U.S. equities are being driven by a narrow AI-led rally, with the S&P 500 making new highs while 118 stocks have fallen more than 10% since late February and only 82 stocks are up 10% or more. The article argues that gains are concentrated in AI-heavy names such as Nvidia, Microsoft, and Broadcom, while broader market breadth remains weak. Investors are also watching frothy valuations and upcoming IPO interest in Anthropic and OpenAI.

Analysis

The key setup is not “AI up, everything else down,” but a widening internal market regime where capital is being recycled into a small set of duration-sensitive beneficiaries while the rest of the index loses pricing power. That creates a hidden fragility: if rates back up even modestly or AI capex growth decelerates, the group with the longest embedded expectations should de-rate first, and their supply-chain beneficiaries will likely gap down harder than the platform names because they lack recurring software-like margins. The more interesting second-order effect is in enterprise spend allocation. As hyperscalers continue to outspend normalized demand, the market is effectively front-loading 3-5 years of revenue into a handful of infrastructure names; that is supportive near term, but it also raises the odds of a digestion phase once buyers begin demanding proof of monetization rather than compute buildout.
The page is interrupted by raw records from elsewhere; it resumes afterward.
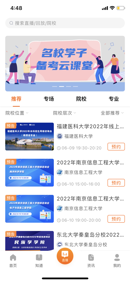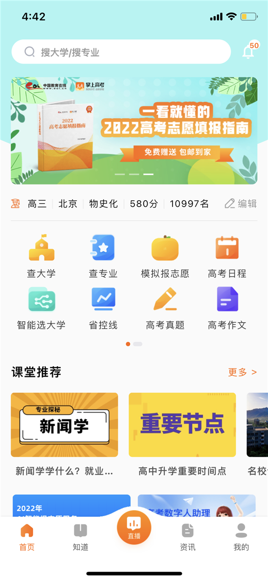 掌上高考APP通过由等参与的全年千余场次直播活动,为考生带来权威的高校招生政策解读、专业的学科讲解、有效的备考经验分享,让你足不出户了解院校,轻松报考!
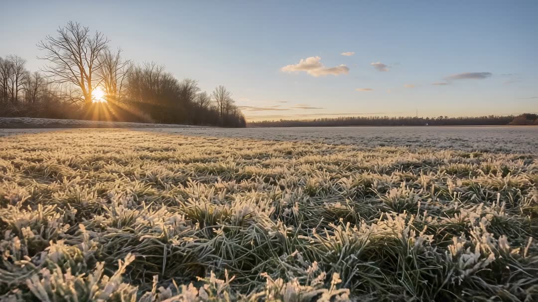 AI Generated Video. Video showing sun rising through bare trees while frost-covered grass glittering across meadow at dawn. Low-angle perspective highlighting frost crystals on blades and long shadows stretching across field, warm golden light contrasting cold tones. Working well for environmental stories, seasonal stock, weather forecasts, travel promotions, wellness content, winter agriculture features, background footage for websites, nature documentaries, social media reels. Working as opener for morning sequence, overlaying text for inspirational quotes, looping for calming backgrounds, incorporating into calendar or greeting card design. Color grading suggestion: boosting warm tones and contrast to enhance sunburst and texture. Shot details: wide-angle composition with low camera height, foreground texture in sharp focus and distant horizon providing depth. Frame delivering calm, crisp mood and strong visual contrast between cold frost and warm sunlight.
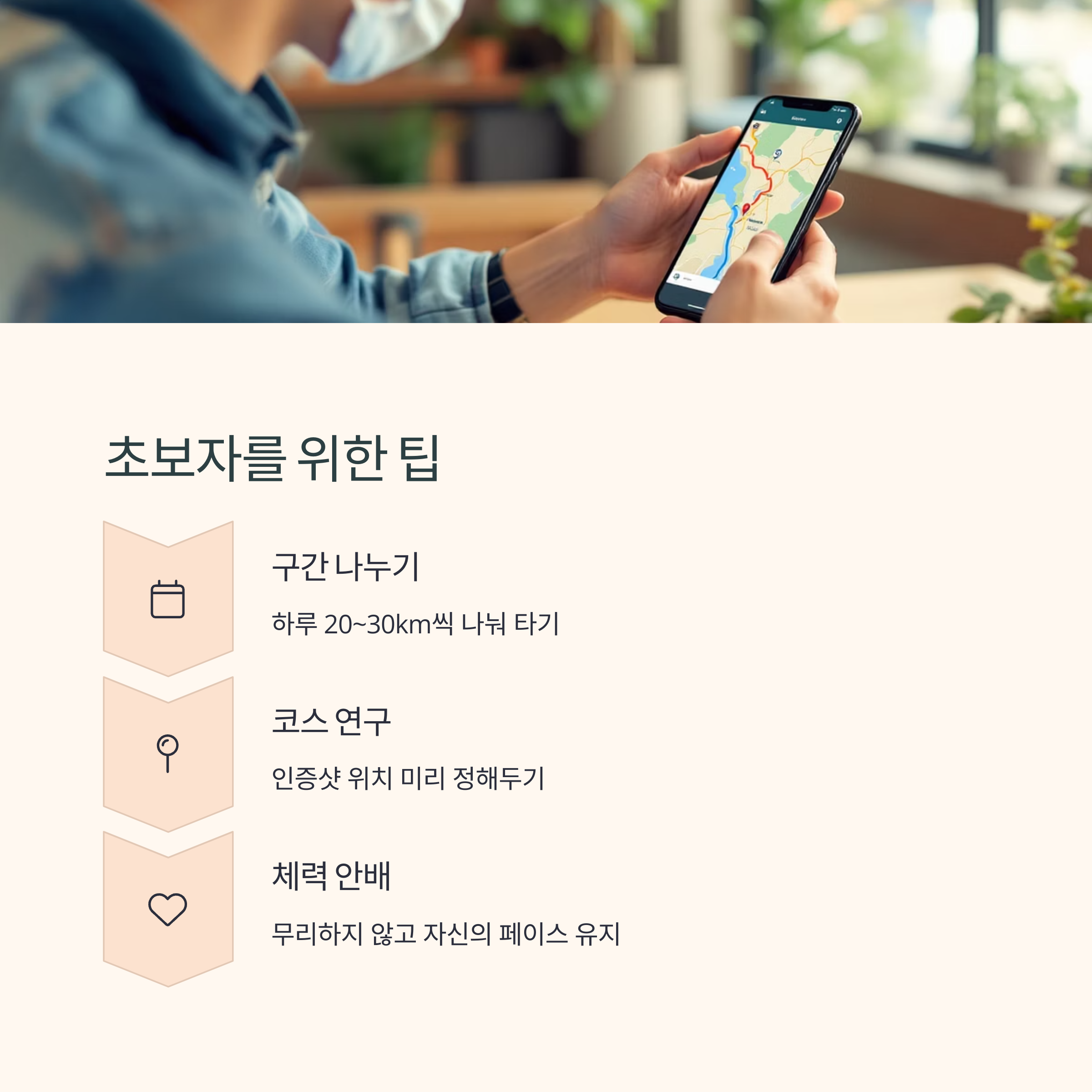 "하루 20~30km씩 나눠 타는 것이 체력 분산에 효과적"입니다
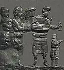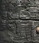 The adorants are dressed in knee-length tunics, with long boots over trousers, suggesting clothing styles similar to those found in the paintings of Penjikent, and wear shoulder ribbons which have been associated with Hephthalites nobility.[8] The gate is dated to the first half of the 6th century CE (500-550 CE), and the destruction of the palace is attributed to the Islamic conquest of Samarkand in 712 CE.[8][10]
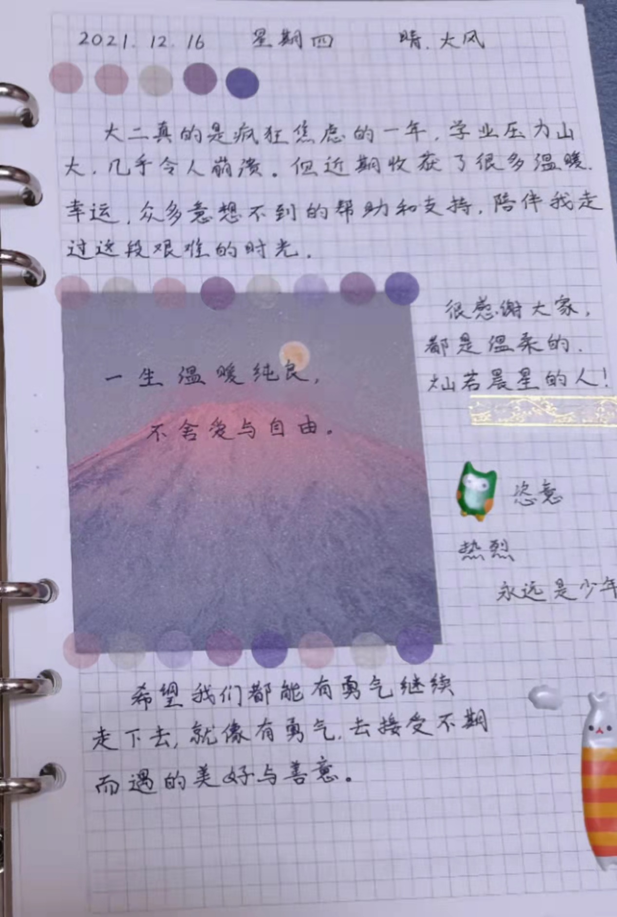 经过一个月左右的传递,我们看到有同学对一年来的生活进行了回顾,一年来同学们的全面成长令人感动、振奋;有同学对大二年级的压力进行了“吐槽”,但又在释放压力的同时表达了“要有勇气继续走下去”,“怀着当初那份热爱与热情继续向前走”,“把每天都过得很快乐,不被ddl压倒”。
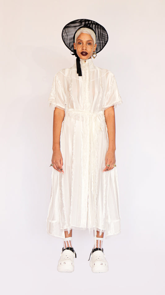 MANDARIN COLLAR SILK ORGANZA KIMONO TOP
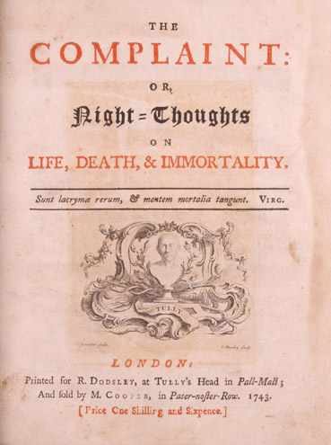 В 1742 году английский писатель Эдуард Юнг пишет свою знаменитую поэму «Жалоба, или Ночные размышления о жизни, смерти и бессмертии».
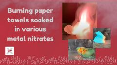 Burning paper towels soaked in various metal nitratesIgniting paper towels that have been soaked in concentrated potassium nitrate and allowed to dry yields a flame reminiscent of that produced by guncotton. Repeating this experiment with other metal nitrates produces flames with different colors, plus a few other chemical surprises! |
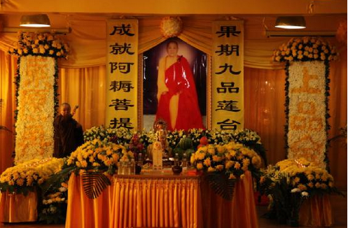 追思堂内,老法师的法体周围摆满了鲜花,老法师法像上慈祥的笑容带给人们清净与安详。
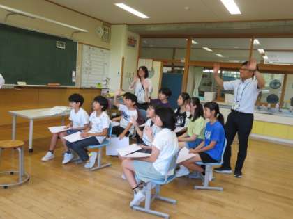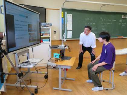 次に、本校の学校紹介では、学校の周りの自然や学校生活等についてのプレゼンテーションを行いました。
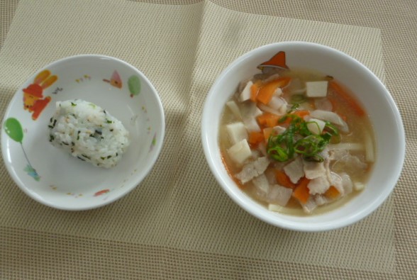 今日の給食は、「豚汁うどん」と「菜飯おにぎり」 おやつは、「牛乳」と「お楽しみおやつ」です。
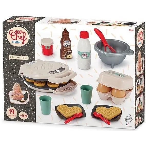 Ecoiffier Jeu d'imitation Gaufrier avec Accessoires - Dès 18 mois - Gaufres, Confiture, Chocolat, Fouet, Œufs et Lait pour Goûters Créatifs

In that scenario, the highest-beta semis and networking names usually underperform the megacap platforms by 10-20 percentage points over a 1-2 quarter window. The contrarian point is that this is less a classic bubble than a liquidity concentration trade, which means the first reversal may come from breadth repair rather than an outright collapse in AI names. If defensives and cyclicals stabilize while leadership broadens, the market can keep grinding higher even as the AI complex cools. The actionable question is whether earnings revisions outside AI remain negative for another quarter; if so, the current narrow advance can persist, but the risk/reward of chasing the leaders worsens sharply after each incremental breakout.